* **Your goal**
A picture should never appear in your copy. Transcribe the listing exactly from its first line through the line with "Lavender & Lilly", both ends included.

* **Data to process**
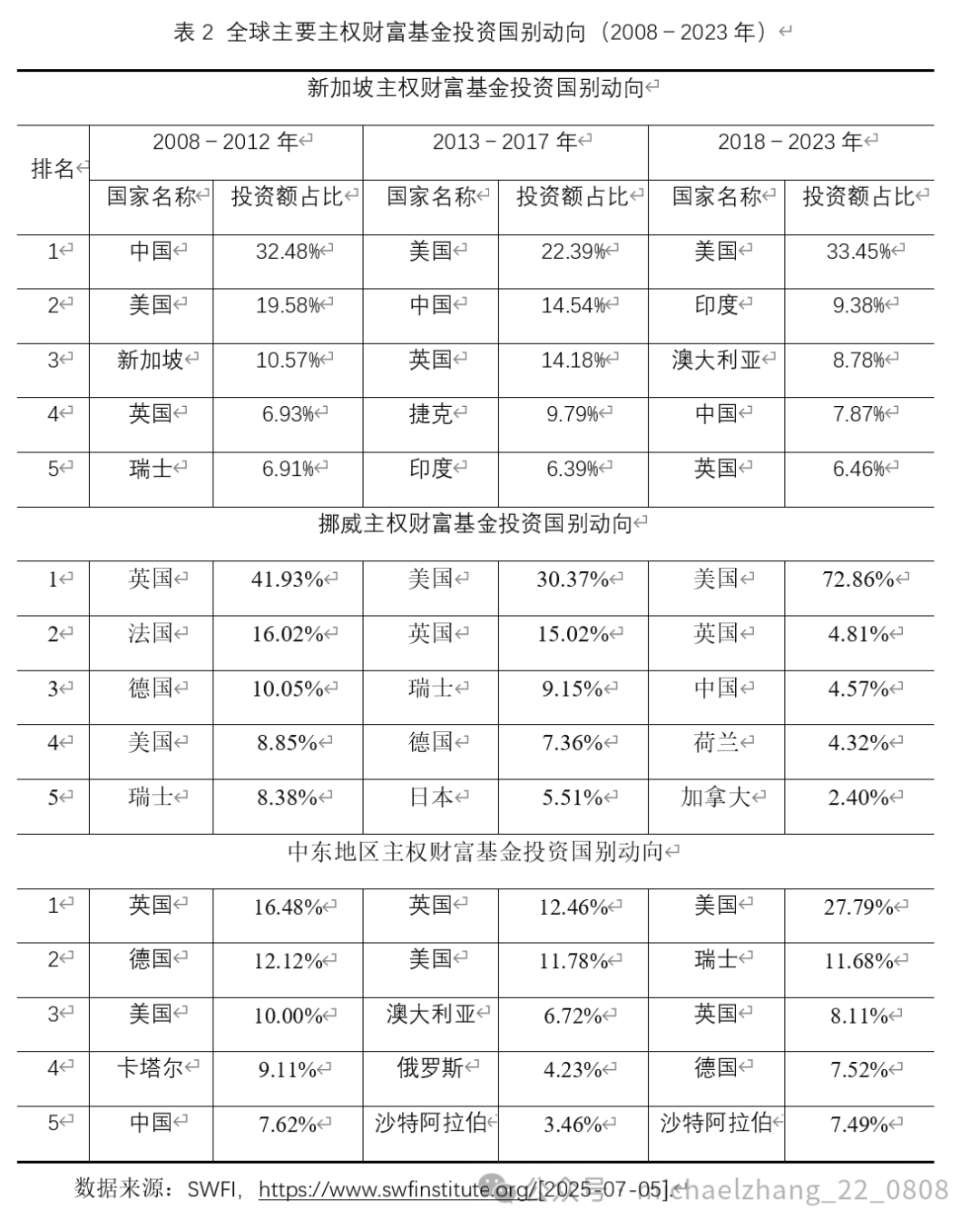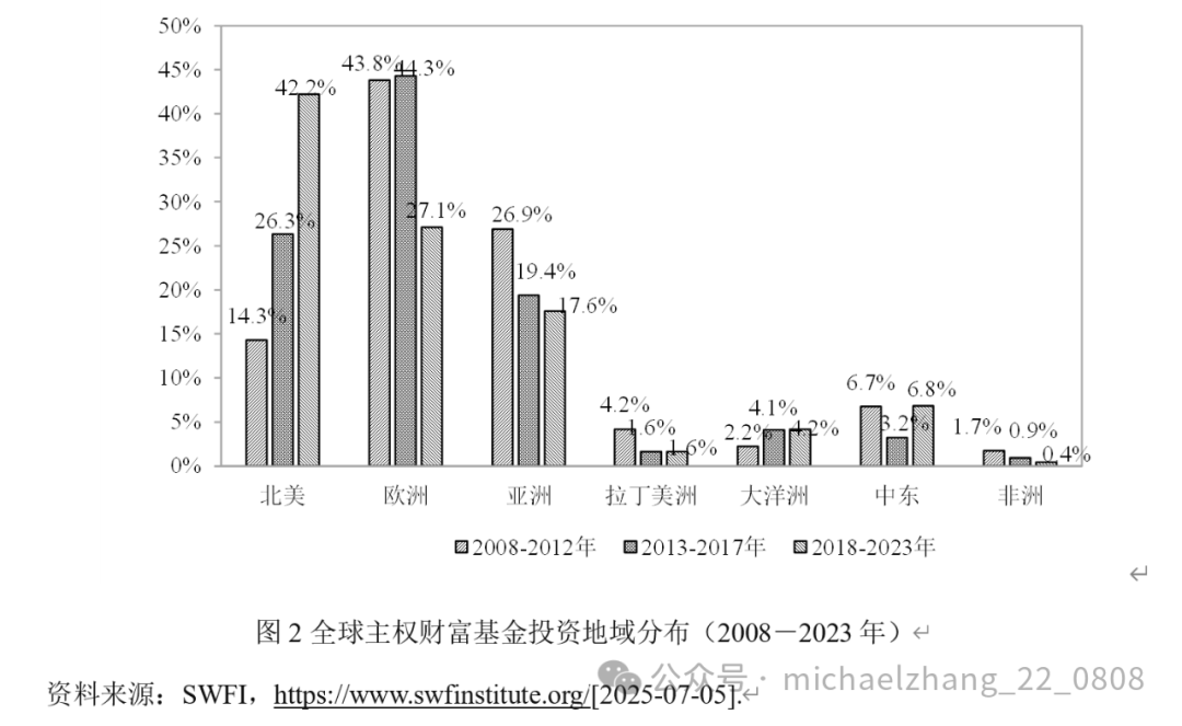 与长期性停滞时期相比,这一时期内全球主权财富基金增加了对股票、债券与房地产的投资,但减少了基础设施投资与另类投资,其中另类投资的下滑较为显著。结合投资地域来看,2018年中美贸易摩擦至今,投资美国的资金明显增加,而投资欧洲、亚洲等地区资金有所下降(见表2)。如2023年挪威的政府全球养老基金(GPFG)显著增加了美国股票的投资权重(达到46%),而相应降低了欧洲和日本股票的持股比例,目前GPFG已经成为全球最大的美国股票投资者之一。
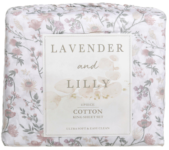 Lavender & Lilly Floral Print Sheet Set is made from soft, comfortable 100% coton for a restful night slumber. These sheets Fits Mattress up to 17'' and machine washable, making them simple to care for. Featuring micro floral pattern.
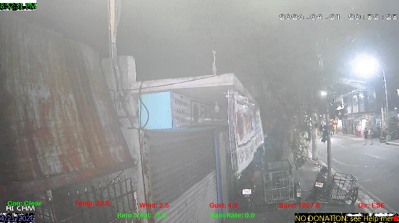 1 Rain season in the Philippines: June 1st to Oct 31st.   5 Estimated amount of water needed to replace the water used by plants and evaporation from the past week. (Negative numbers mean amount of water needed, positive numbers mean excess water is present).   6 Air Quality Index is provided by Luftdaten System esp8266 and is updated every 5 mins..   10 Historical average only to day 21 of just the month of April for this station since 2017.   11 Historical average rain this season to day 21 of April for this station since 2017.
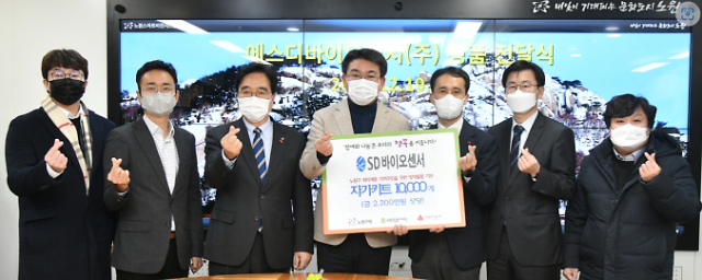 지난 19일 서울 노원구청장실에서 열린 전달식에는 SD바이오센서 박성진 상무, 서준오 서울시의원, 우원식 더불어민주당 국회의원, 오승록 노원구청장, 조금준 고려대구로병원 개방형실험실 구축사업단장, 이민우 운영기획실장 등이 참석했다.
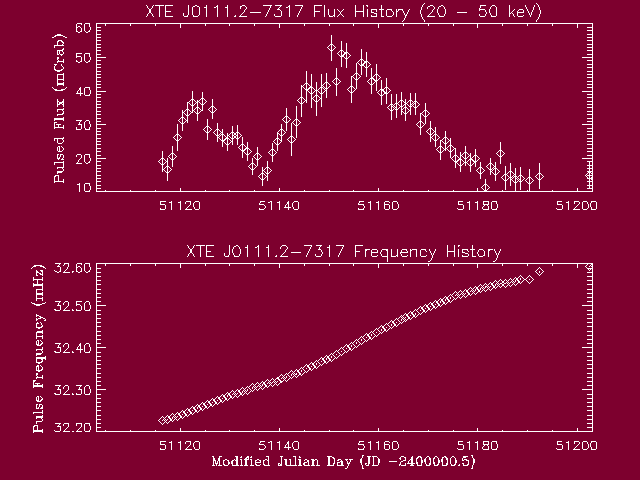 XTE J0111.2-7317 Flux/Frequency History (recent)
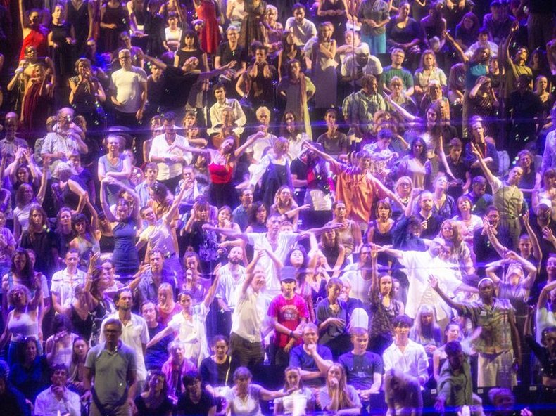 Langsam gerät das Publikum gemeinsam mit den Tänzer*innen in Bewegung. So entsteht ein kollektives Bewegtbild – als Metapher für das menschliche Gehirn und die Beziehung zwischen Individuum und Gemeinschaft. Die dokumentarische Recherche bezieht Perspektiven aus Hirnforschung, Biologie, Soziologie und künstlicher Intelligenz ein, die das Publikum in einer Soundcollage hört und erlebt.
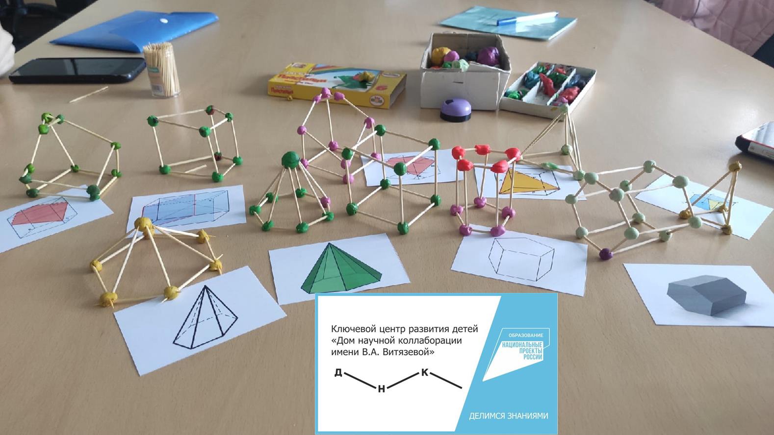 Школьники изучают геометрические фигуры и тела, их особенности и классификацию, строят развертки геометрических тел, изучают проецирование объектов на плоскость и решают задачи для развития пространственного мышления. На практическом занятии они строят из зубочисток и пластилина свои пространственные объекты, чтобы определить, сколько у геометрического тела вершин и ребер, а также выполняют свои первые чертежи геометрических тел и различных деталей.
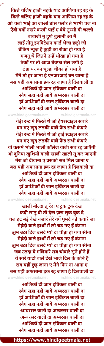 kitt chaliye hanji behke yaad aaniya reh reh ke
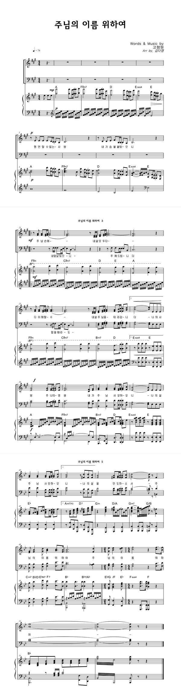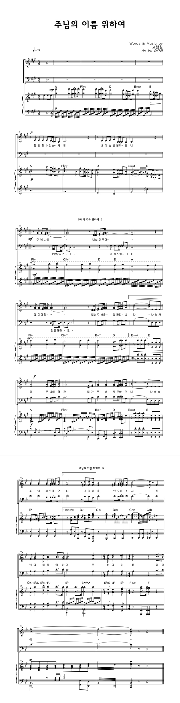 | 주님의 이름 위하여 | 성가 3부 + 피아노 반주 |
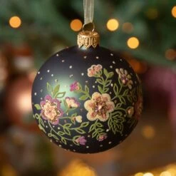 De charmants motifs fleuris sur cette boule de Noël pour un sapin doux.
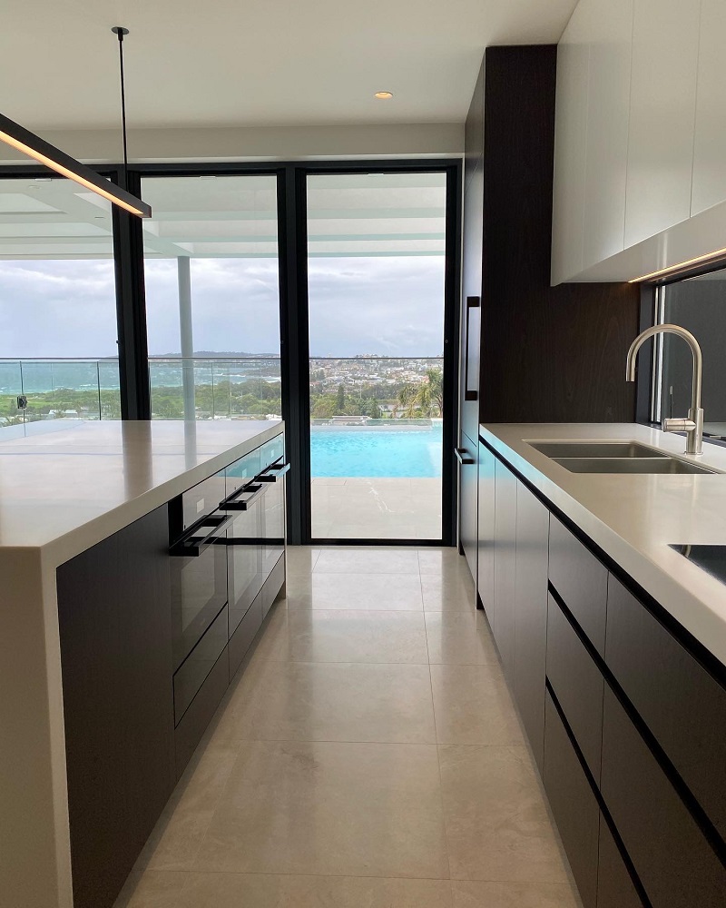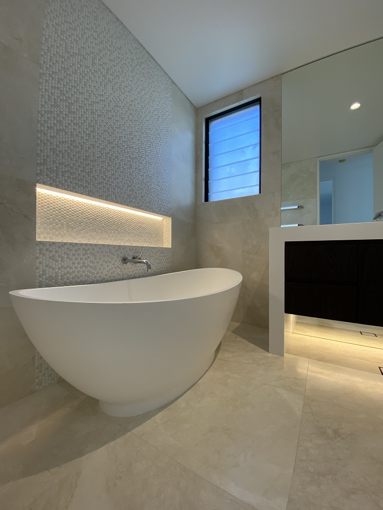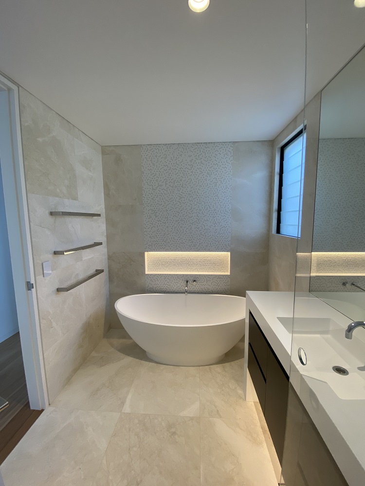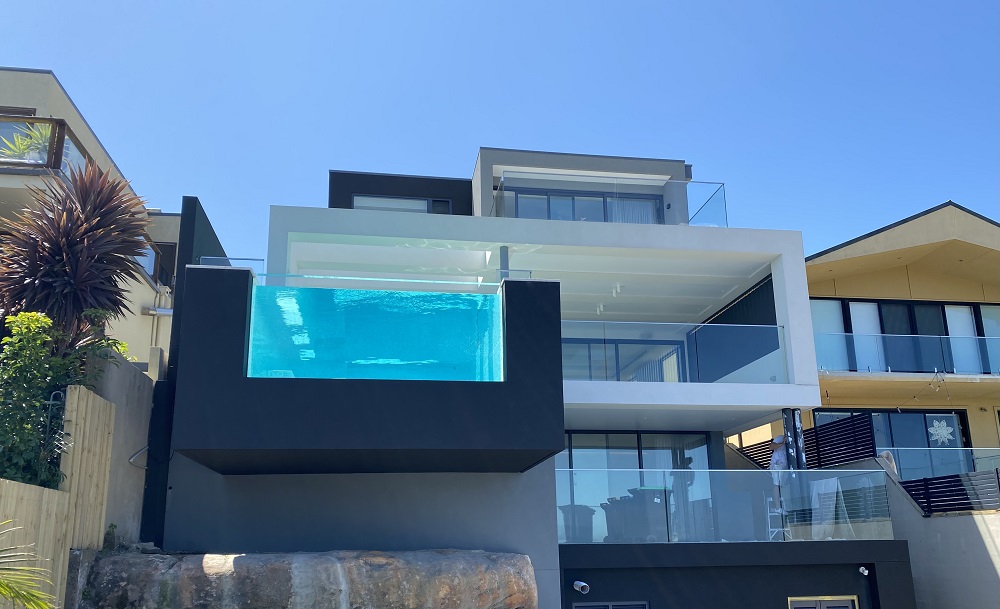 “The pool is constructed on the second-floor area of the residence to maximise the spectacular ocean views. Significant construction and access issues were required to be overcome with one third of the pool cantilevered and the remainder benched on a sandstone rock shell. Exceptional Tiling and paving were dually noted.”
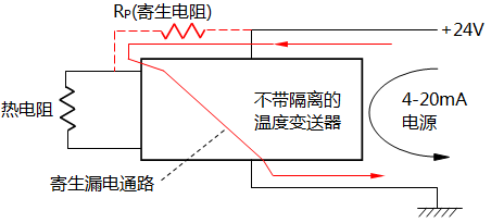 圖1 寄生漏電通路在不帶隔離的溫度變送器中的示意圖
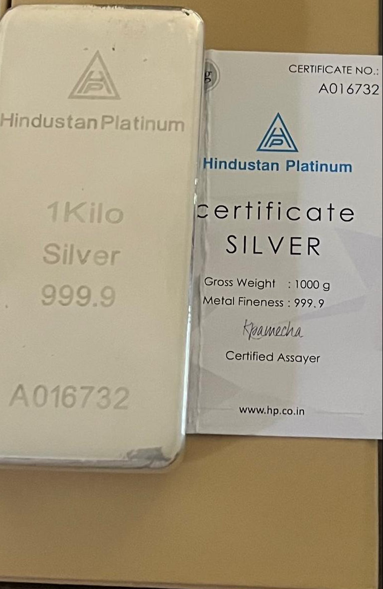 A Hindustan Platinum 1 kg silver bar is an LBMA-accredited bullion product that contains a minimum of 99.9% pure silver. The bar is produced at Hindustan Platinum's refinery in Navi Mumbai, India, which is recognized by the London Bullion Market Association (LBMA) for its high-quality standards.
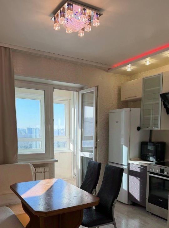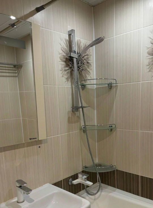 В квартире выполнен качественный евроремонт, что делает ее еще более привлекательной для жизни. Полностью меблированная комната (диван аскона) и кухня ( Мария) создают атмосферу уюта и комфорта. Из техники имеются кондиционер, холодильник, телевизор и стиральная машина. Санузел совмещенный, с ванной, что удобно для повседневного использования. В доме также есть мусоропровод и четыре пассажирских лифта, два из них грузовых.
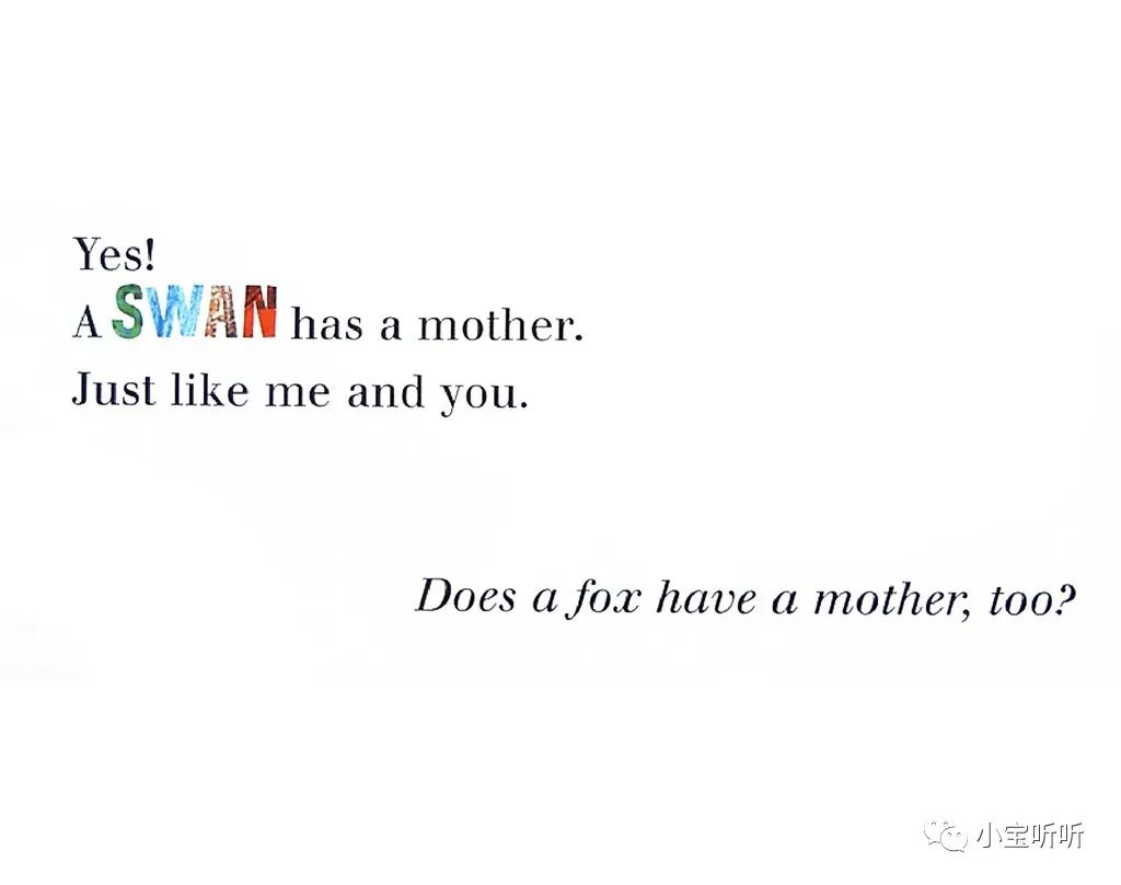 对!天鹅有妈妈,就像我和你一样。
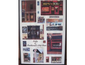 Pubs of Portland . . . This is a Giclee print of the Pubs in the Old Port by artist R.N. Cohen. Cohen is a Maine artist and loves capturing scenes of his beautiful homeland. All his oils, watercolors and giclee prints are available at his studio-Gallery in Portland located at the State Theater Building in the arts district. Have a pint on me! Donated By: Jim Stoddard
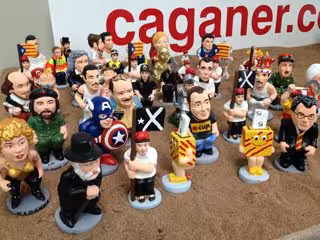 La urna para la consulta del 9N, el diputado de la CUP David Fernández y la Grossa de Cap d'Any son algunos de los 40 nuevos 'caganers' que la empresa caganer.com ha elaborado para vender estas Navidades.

* **Solution for this problem**
 与长期性停滞时期相比,这一时期内全球主权财富基金增加了对股票、债券与房地产的投资,但减少了基础设施投资与另类投资,其中另类投资的下滑较为显著。结合投资地域来看,2018年中美贸易摩擦至今,投资美国的资金明显增加,而投资欧洲、亚洲等地区资金有所下降(见表2)。如2023年挪威的政府全球养老基金(GPFG)显著增加了美国股票的投资权重(达到46%),而相应降低了欧洲和日本股票的持股比例,目前GPFG已经成为全球最大的美国股票投资者之一。
 Lavender & Lilly Floral Print Sheet Set is made from soft, comfortable 100% coton for a restful night slumber. These sheets Fits Mattress up to 17'' and machine washable, making them simple to care for. Featuring micro floral pattern.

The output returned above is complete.